DD

Difficult Dialogues IIDifficult Dialogues logo

 
  Creating the Future

 

Conversation, Understanding and the Freedom to Learn

 

Difficult Dialogues is a program designed to promote academic freedom and religious, cultural, and political pluralism. The University of California, Irvine’s effort is part of the Ford Foundation’s multi-year initiative to engage and prepare students for constructive engage with difficult and sensitive topics. Launched by the Ford Foundation in 2005, Difficult Dialogues is committed to protecting academic freedom across the country.

 

UC Irvine was one of 27 higher education institutions funded by the Ford Foundation for initial projects that ran for a period of two year from 2006 until 2008. UC Irvine is one of the 16 original campuses have received support to continue their work through 2010.

 

 

As part of this initiative, three new courses were designed to educate students about contemporary issues in the Israeli-Palestinian conflict, traditions of religious conflict and religious tolerance, and peace building. For the first course, faculty in religious studies and in conflict resolution jointly developed the ‘Religious Diversity and Conflict’ course.

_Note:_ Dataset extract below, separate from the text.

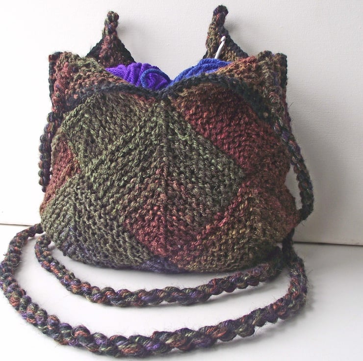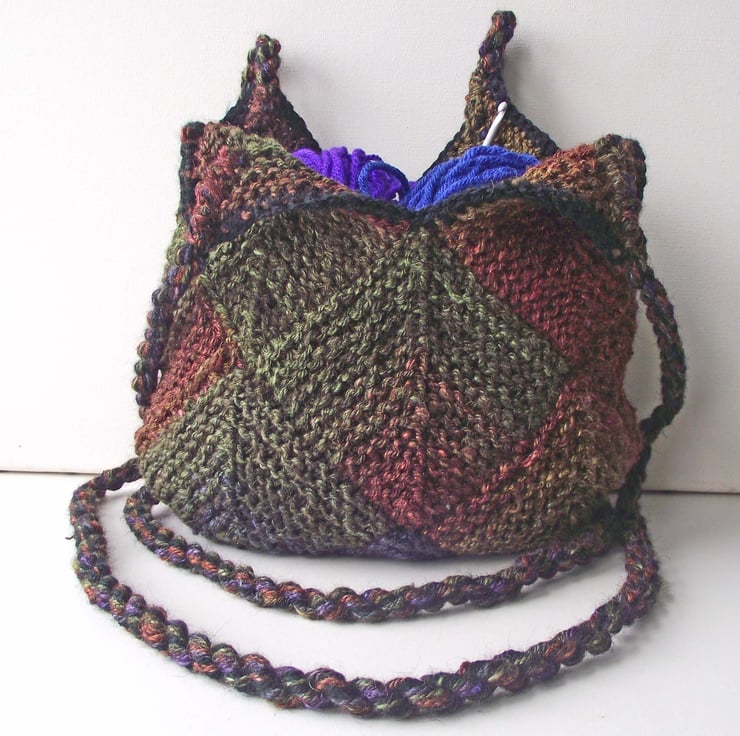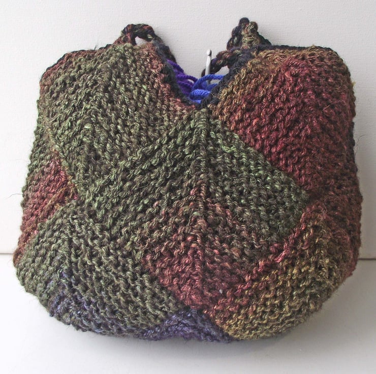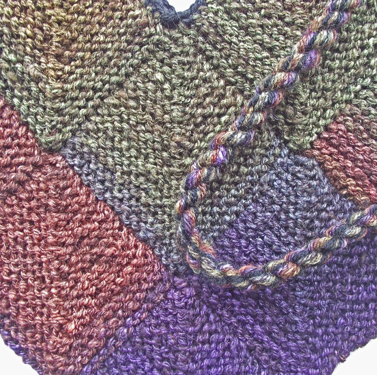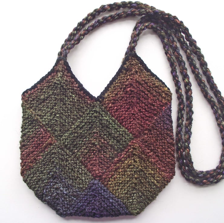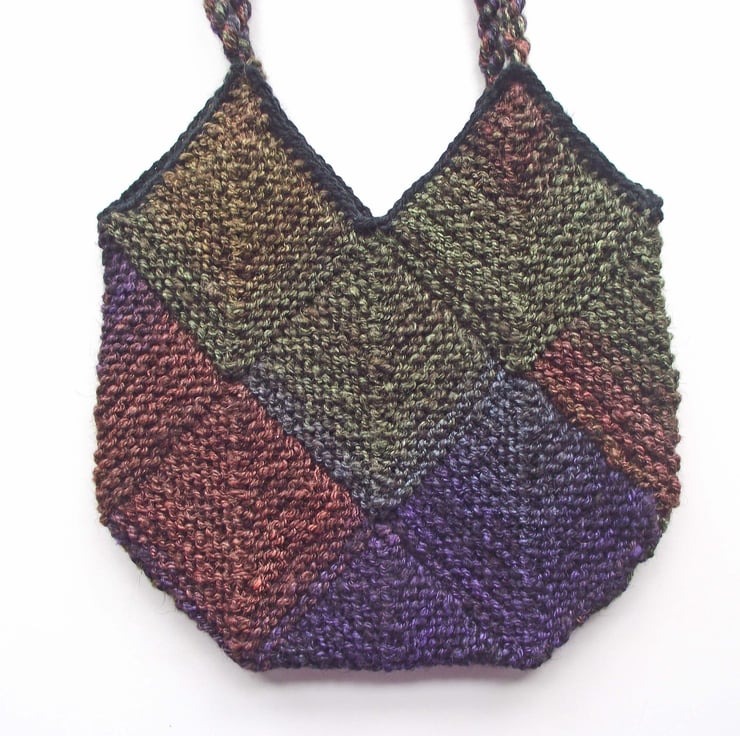 This shoulder bag was knitted using a modular technique with my own handspun variegated green, red and purple corriedale wool blended with silk, edged with black. The silk adds a lovely sheen and colour to the dark brown corriedale wool

The second course was a two-quarter seminar entitled ‘Imagining the Future.’ The third course, for upper-division students, is called ‘Politics and Ethics of Difference.’ There were two years of lectures, an art exhibit, student leadership training and other public events designed to heighten awareness of religious and ethnic conflict, peace-building techniques, and successful collaborations that have grown out of situations once dominated by conflict.